Sunday, June 28, 2009

Dorothy Revisited -- Another View...

Mathmom contributed some insightful thoughts about how most middle school students might feel about the probability investigation from the other day. I agree with her that some would be able to compute the results or even devise a general formula but "proving" it in the general case might be too ambitious. In my reply, I suggested there might be another way of deriving the formula 1/N for the probability of losing the game. Here's what I came up with. It still requires some careful development to show that the outcomes are equally likely but I will indicate how it could be done in the particular case where N = 10.

Brief Explanation of Method:
There are N equally likely (to be shown) ways for the game to end (i.e., when the red card is selected). Of these, only one will result in a loss -- when the red is the last card chosen. Therefore, the probability of losing is 1/N, hence the probability of winning is 1 - 1/N or (N-1)/N.

Demonstrating "Equally Likely" for N = 10:
P(game ending after one card) = 1/10
P(game ending after 2 cards) = P(black selected followed by red) = (9/10)(1/9) = 1/10
P(ending after 3 cards) = P(black,black,red) = (9/10)(8/9)(1/8) = 1/10

The general case is similar using N in place of 10. I do think that students with some understanding of algebra could follow it but deriving it on their own is another story!

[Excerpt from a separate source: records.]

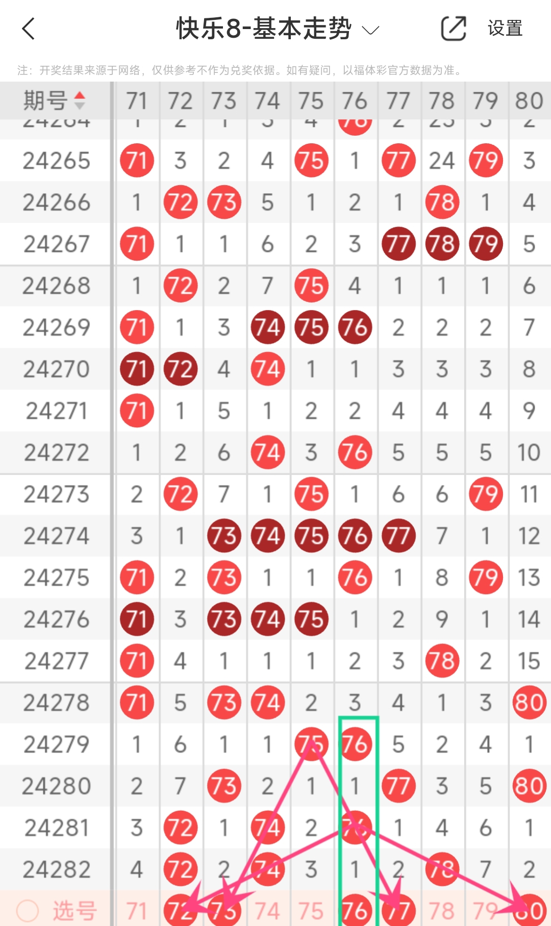 上期第八区间开出72 74 78,本期我们可以从上面走势图中看到选号的思路,本期推荐72 73 76 77 80
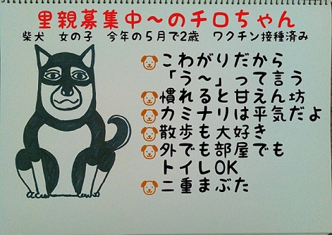 一時預りさんがプロフィールを書いてくださいました(^▽^)/チロちゃんは、完全室内飼いです。
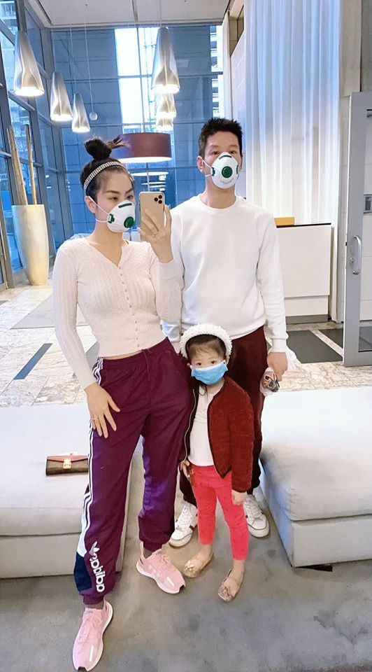 Gia đình Á hậu Diễm Trang đeo khẩu trang để bảo vệ sức khoẻ tại Ba Lan.
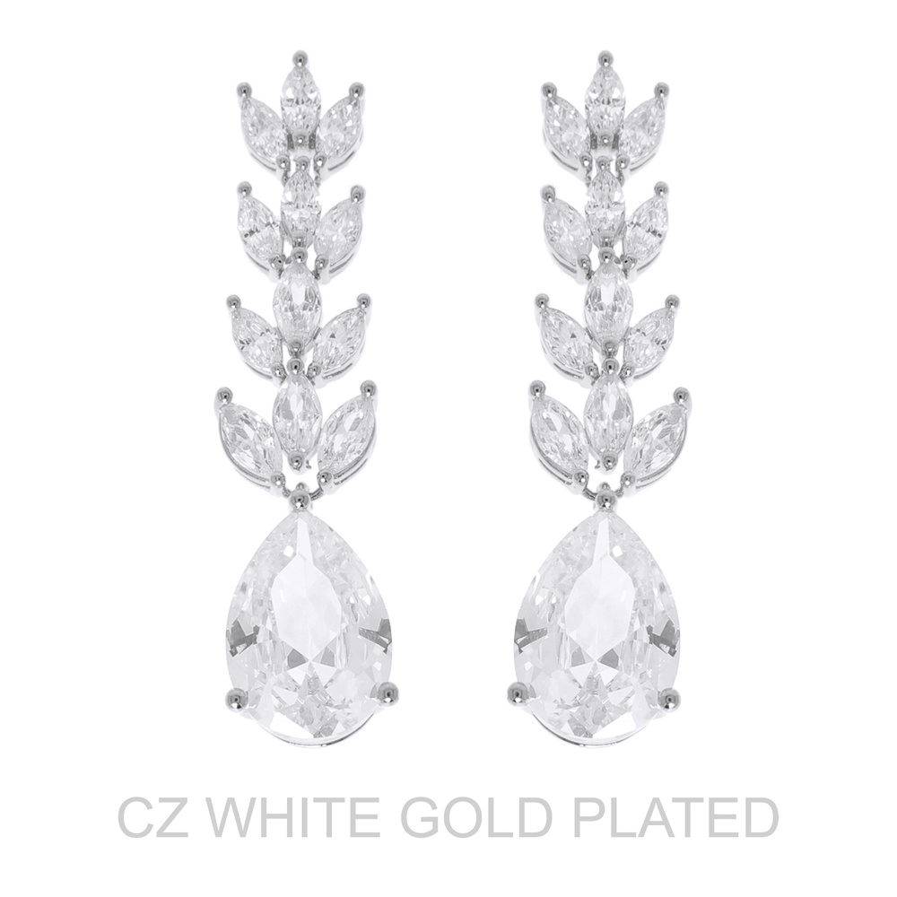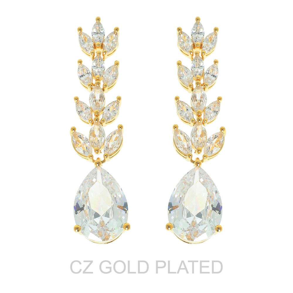 GOLD PLATED CUBIC ZIRCONIA TEARDROP GEMSTONE VINE OLIVE BRANCH DROP EARRINGS
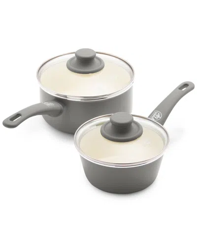 Soft Grip Healthy Ceramic Nonstick 1qt & 2qt Saucepan Set In Black
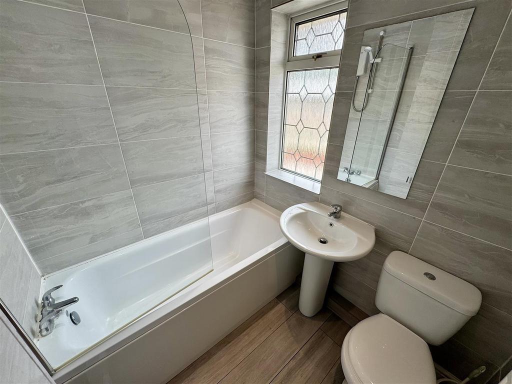 Bathroom - Bath with mixer tap and electric shower, double glazed window to front, wash hand basin with mixer tap, WC, central heating radiator and tiled walls.
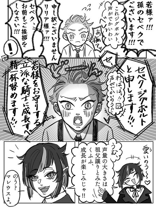 ⚡️は🐉と、こんなふうに出会ったかもしれない。 ※過去ねつ造 ※⚡️のじいじ(セリフだけ) How beautiful he is !! なんと美しいお方だ What an honor !! なんたる誉だろうか 遅刻だけど、おめでとうセベク🥳 #セベク・ジグボルト生誕祭2022 #twstファンアート #ツイステファンアート
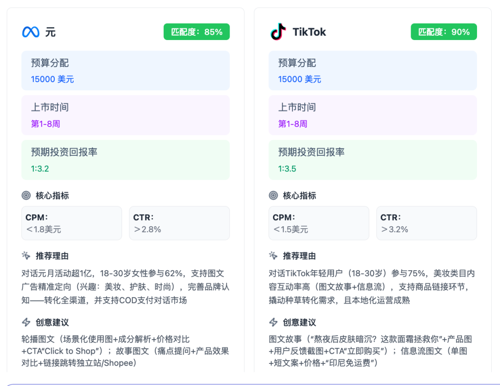 基于你的预算,工具会根据拉新+收割的逻辑,直接给出各平台的预算占比,避免把钱全砸在一个平台。
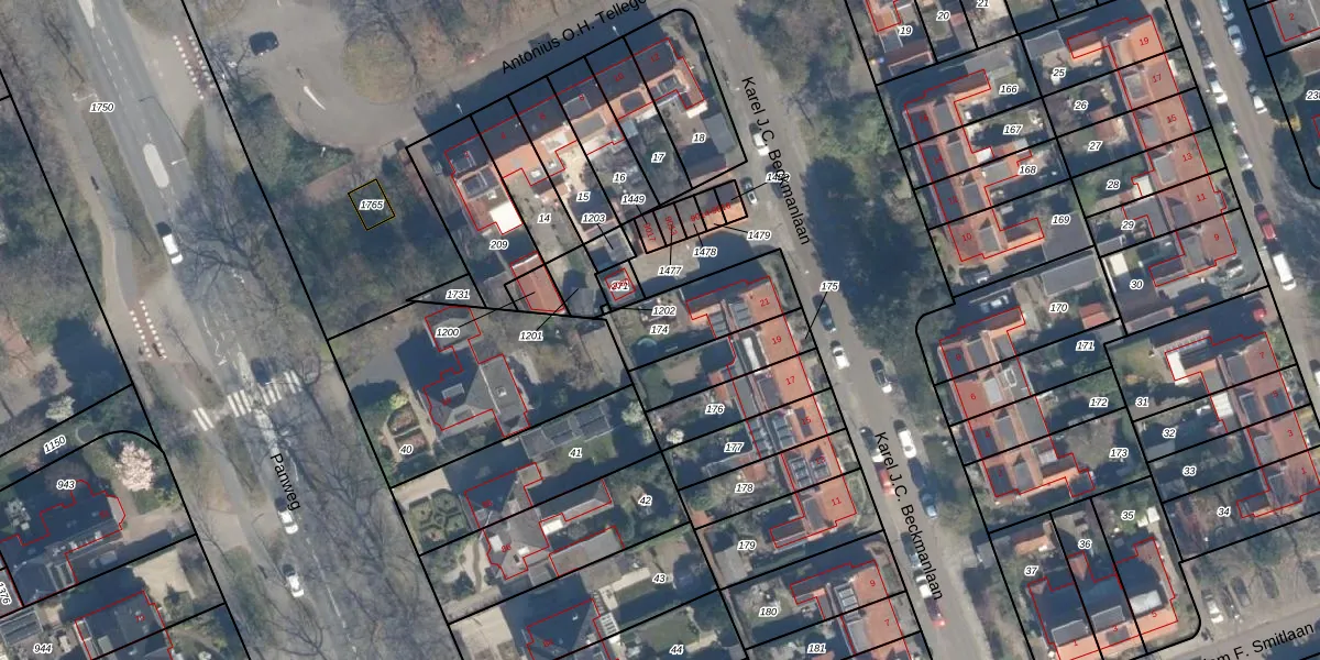Gebruik de zoekbalk of klik op een perceel om informatie over het perceel te bekijken.
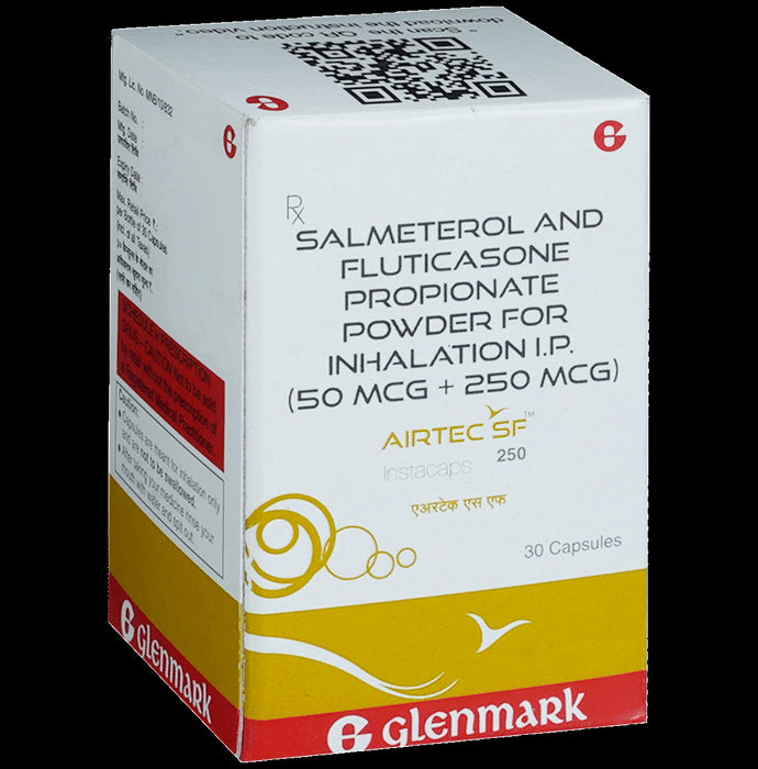 Airtec SF 250 Instacap is a combination of two medicines that opens the airways and makes it easier to breathe. It is used in the treatment of asthma (wheezing and shortness of breath) and chronic obstructive pulmonary disorder (a lung disorder in which the flow of air to the lungs is blocked). Your doctor will tell you how often you need to use your inhaler. The effect of this medicine may be noticeable after a few days but will only reach its maximum after a few weeks. This medicine must be used regularly to be effective, so go on taking it even if you don't have any symptoms. That means it’s doing its job. If you stop taking it your asthma and chronic obstructive pulmonary disorder (COPD) may get worse. It should not be used to relieve sudden asthma attacks. If an asthma attack occurs, use your quick-relief inhaler (reliever). To get the benefit from this medicine you need to make sure you get your inhaler technique right, otherwise, it does not work as well.The most common side effects are nausea, vomiting, respiratory tract infection, fungal infections in the mouth, headache, hoarseness of voice, sore throat, cough, musculoskeletal (bone, muscle, or joint) pain, and increased heart rate. If you get there, do not stop taking it but do talk to your doctor. You can help prevent some of these symptoms by rinsing your mouth and throat with water or brushing your teeth after using your inhaler. There are other, rarer side effects that can be serious. Talk to your doctor if you're worried about them. In general, you should be trying to avoid situations that make your asthma worse (your triggers) and try not to smoke.Ask your doctor whether it’s safe to take this medicine if you're pregnant or breastfeeding. Before taking it, you should tell your doctor if you have any kidney or liver diseases so that your doctor can prescribe a suitable dose for you.
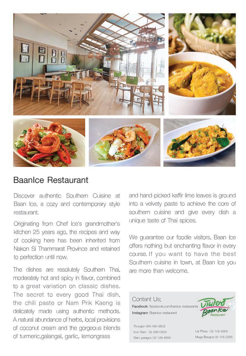 Baan Ice, with seven branches scattered throughout Bangkok, specializes in southern Thai cuisine with fiery spices and herbpacked flavors. People flock to the chain for traditional southern ingredients such as sator (stinky bean) and khao yum (southern rice salad). Not only are the main courses delightful, but the desserts are also a wonderfully guilty pleasure.
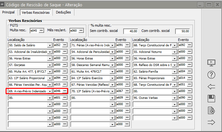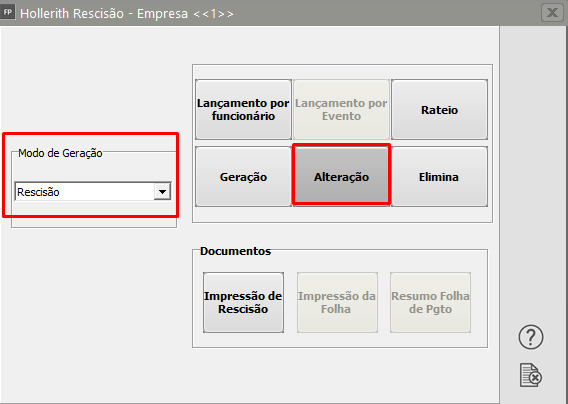 Defina Modo de Geração Rescisão e clique no botão Alteração
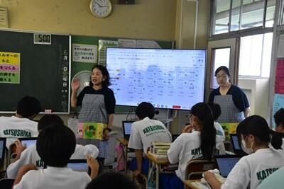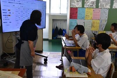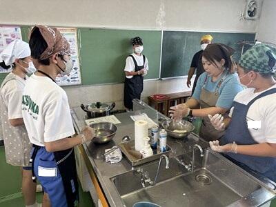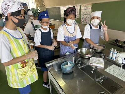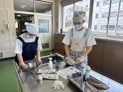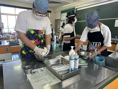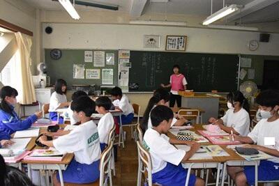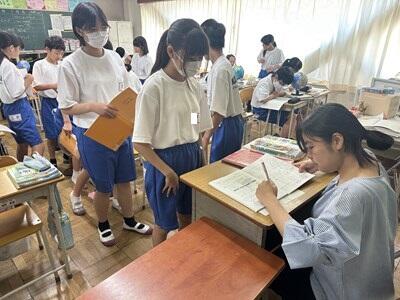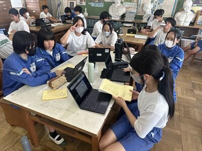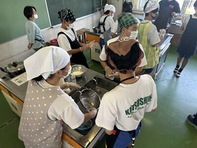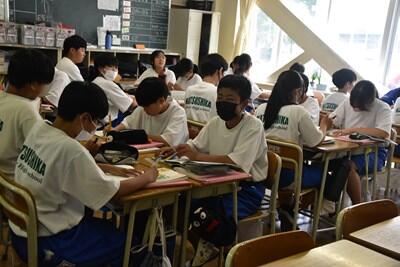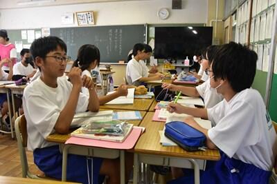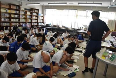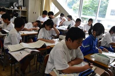 昨日、一昨日より過ごしやすい感覚の(これでも十分に暑いのだが)一日となりました。今日は、校区内の小中連携事業の一環として、本校の家庭科の先生、栄養教諭と、小学校の栄養技師の先生による食育の授業が行われました。一生涯付き合うこととなる、大切な自分の身体の健康のための大変有意義な学習となりました。
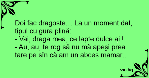- Vai, draga mea, ce lapte dulce ai !… - Au, au, te rog să nu mă apeşi prea tare pe sîn că am un abces mamar…
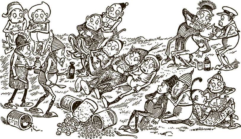 Чужая еда не пошла впрок маленьким человечкам – после обеда многие стали жаловаться на боль в желудке – очевидно, объелись. Доктор Тюбик-Мазь достал из своей аптечки нужные лекарства, раздал заболевшим, но вскоре и сам почувствовал себя дурно. Пришлось обязанности доктора взять на себя другим эльфам – к счастью, расхворались не все. В конце концов через некоторое время всех удалось поставить на ноги и всё закончилось благополучно.
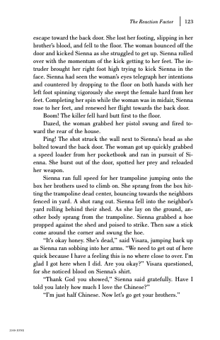escape toward the back door. She lost her footing, slipping in her brother’s blood, and fell to the floor. The woman bounced off the door and kicked Sienna as she struggled to get up. Sienna rolled over with the momentum of the kick getting to her feet. The in- truder brought her right foot high trying to kick Sienna in the face. Sienna had seen the woman’s eyes telegraph her intentions and countered by dropping to the floor on both hands with her left foot spinning vigorously she swept the female hard from her feet. Completing her spin while the woman was in midair, Sienna rose to her feet, and renewed her flight towards the back door.
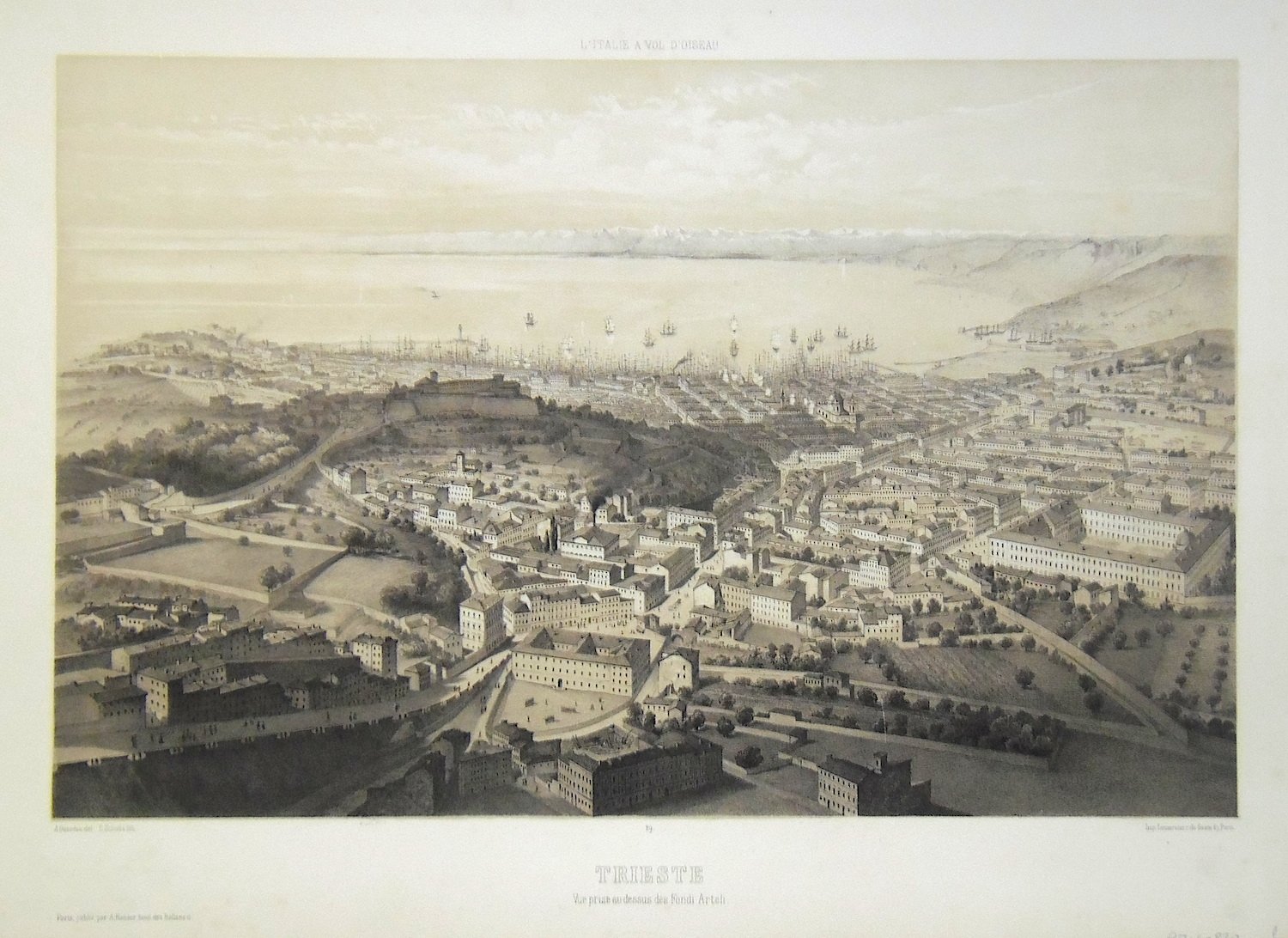 Litografia, 280x440. Rara veduta a volo d'uccello della città, tratta dal "L'Italie a Vol d'Oiseau", raccolta di vedute delle maggiori città italiane. Ottimo esemplare con ampi margini.<BR>
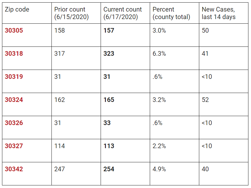 This week we also had our highest daily total to date (on Saturday), at 1800 cases in a single day.The Fulton County Board of Health tracks the number of COVID-19 cases by zipcode. Their latest update is from June 17th, 2020. These are the statistics for confirmed COVID-19 cases for the zip codes located within District 54:
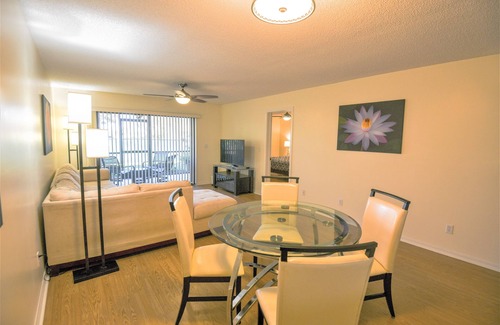 Bright, immaculate, updated 2 bedroom, 2 bathroom condo, in quiet community. First-floor unit. Recently renovated with granite countertops and luxurious cabinets/ bathrooms. The condo is furnished with beautiful, comfortable contemporary decor that will brighten your mood. Central, desirable location that is close to area attractions; within minutes to the ocean/beach, downtown Stuart restaurants, I-95 and Florida Turnpike. The reserved parking spot is conveniently located in front of the unit. Relax with your morning coffee in the large screened patio Extremely serene/relaxing setting. All utilities and high-speed internet included. Has In-suite large capacity washer/dryer included. Relax in the heated pool.
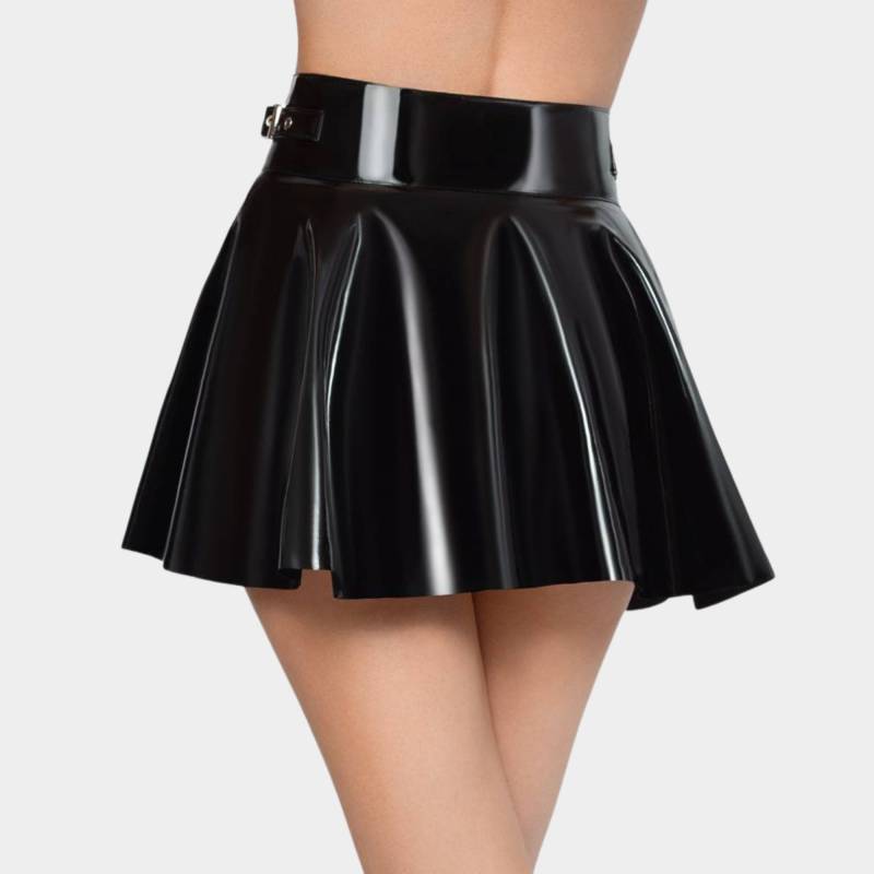 Perfekt geeignet für besondere Anlässe oder einen Abend in der Stadt, ist dieser ausgestellte Vinylrock eine unverzichtbare Wahl für alle, die auf der Suche nach einem raffinierten Fetisch-Look sind.
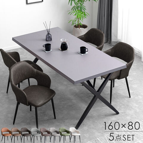 モルタル調 ダイニングテーブルセット 4人掛け 5点セット 長方形 テーブル クロス脚 ダイニングチェア 北欧 モダン【超大型】99900110〔テーブル:ナチュラル/チェア:ブラウニーブラック(レザー)〕
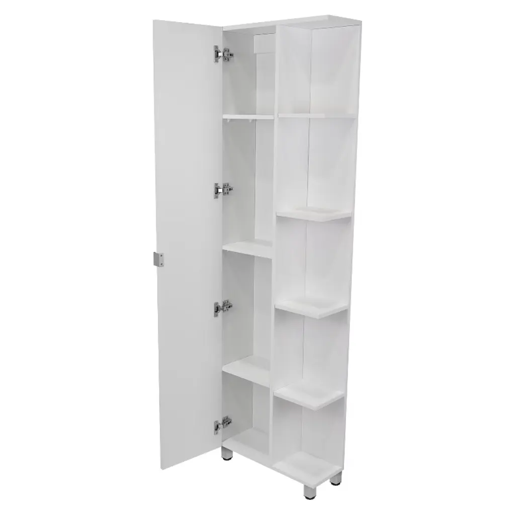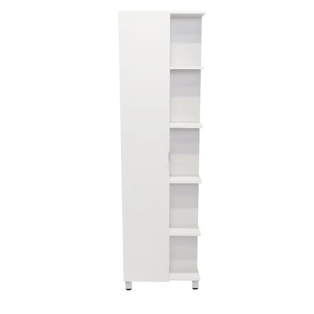Chery Life Corner Cabinet With Five Open Shelves, Single Door, White Finish
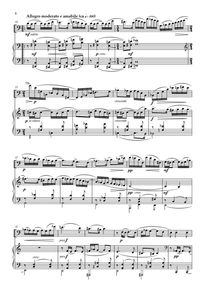 Work for cello (or viola) and piano, commissioned by the "Sommets Musicaux de Gstaad" Festival Adagio liberamente, Allegro moderato

I also indicated that I might provide a program for the TI-83 or -84 which could be used to simulate the game. The programming skills needed are not that advanced and some high schoolers or even middle schoolers can pick up on the code and begin writing their own programs - I've seen it happen! Here it is...

T represents the number of times the game is played with 3 cards. I entered 100 for the number of trials. K stores the number of times Dorothy won when playing 100 times. Can you make sense of the rest of the code?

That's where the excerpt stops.